If "robust", either "robust.sem" or
"robust.huber.white" is used depending on the estimator,
the mimic option, and whether the data are complete or not.
If "boot" or "bootstrap", bootstrap standard errors are
computed using standard bootstrapping (unless Bollen-Stine bootstrapping
is requested for the test statistic; in this case bootstrap standard
errors are computed using model-based bootstrapping).
If "none", no standard errors are computed.
test
If "standard", a conventional chi-square test is computed.
If "Satorra.Bentler", a Satorra-Bentler scaled test statistic is
computed. If "Yuan.Bentler", a Yuan-Bentler scaled test statistic
is computed. If "mean.var.adjusted" or "Satterthwaite", a
mean and variance adjusted test statistic is compute.
If "scaled.shifted", an alternative mean and variance adjusted test
statistic is computed (as in Mplus version 6 or higher).
If "boot" or "bootstrap" or
"Bollen.Stine", the Bollen-Stine bootstrap is used to compute
the bootstrap probability value of the test statistic.
If "default", the value depends on the
values of other arguments.
bootstrap
Number of bootstrap draws, if bootstrapping is used.
mimic
If "Mplus", an attempt is made to mimic the Mplus
program. If "EQS", an attempt is made to mimic the EQS program.
If "default", the value is (currently) set to to "lavaan",
which is very close to"Mplus".
representation
If "LISREL" the classical LISREL matrix
representation is used to represent the model (using the all-y variant).
do.fit
If FALSE, the model is not fit, and the current
starting values of the model parameters are preserved.
control
A list containing control parameters passed to the optimizer.
By default, lavaan uses "nlminb". See the manpage of
nlminb for an overview of the control parameters.
A different optimizer can be chosen by setting the value of
optim.method. For unconstrained optimization (the model syntax
does not include any "==", ">" or "<" operators),
the available options are "nlminb" (the default), "BFGS" and
"L-BFGS-B". See the manpage of the optim function for
the control parameters of the latter two options. For constrained
optimization, the only available option is "nlminb.constr".
WLS.V
A user provided weight matrix to be used by estimator "WLS";
if the estimator is "DWLS", only the diagonal of this matrix will be
used. For a multiple group analysis, a list with a weight matrix
for each group. The elements of the weight matrix should be in the
following order (if all data is continuous): first the means (if a
meanstructure is involved), then the lower triangular elements of the
covariance matrix including the diagonal, ordered column by column. In
the categorical case: first the thresholds (including the means for
continuous variables), then the slopes (if any), the variances of
continuous variables (if any), and finally the lower triangular elements
of the correlation/covariance matrix excluding the diagonal, ordered
column by column.
NACOV
A user provided matrix containing the elements of (N times)
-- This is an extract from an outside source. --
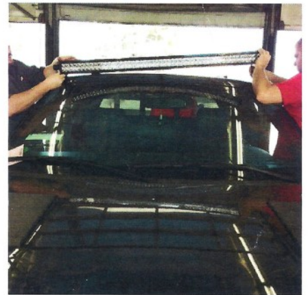
9. Slide opposite side of light bar into passenger side bracket.

the asymptotic variance-covariance matrix of the sample statistics.
For a multiple group analysis, a list with an asymptotic
variance-covariance matrix for each group. See the WLS.V
argument for information about the order of the elements.
zero.add
A numeric vector containing two values. These values affect the
calculation of polychoric correlations when some frequencies in the
bivariate table are zero.
The first value only applies for 2x2 tables. The second value for larger
tables. This value is added to the zero frequency in the bivariate table.
If "default", the value is set depending on the "mimic"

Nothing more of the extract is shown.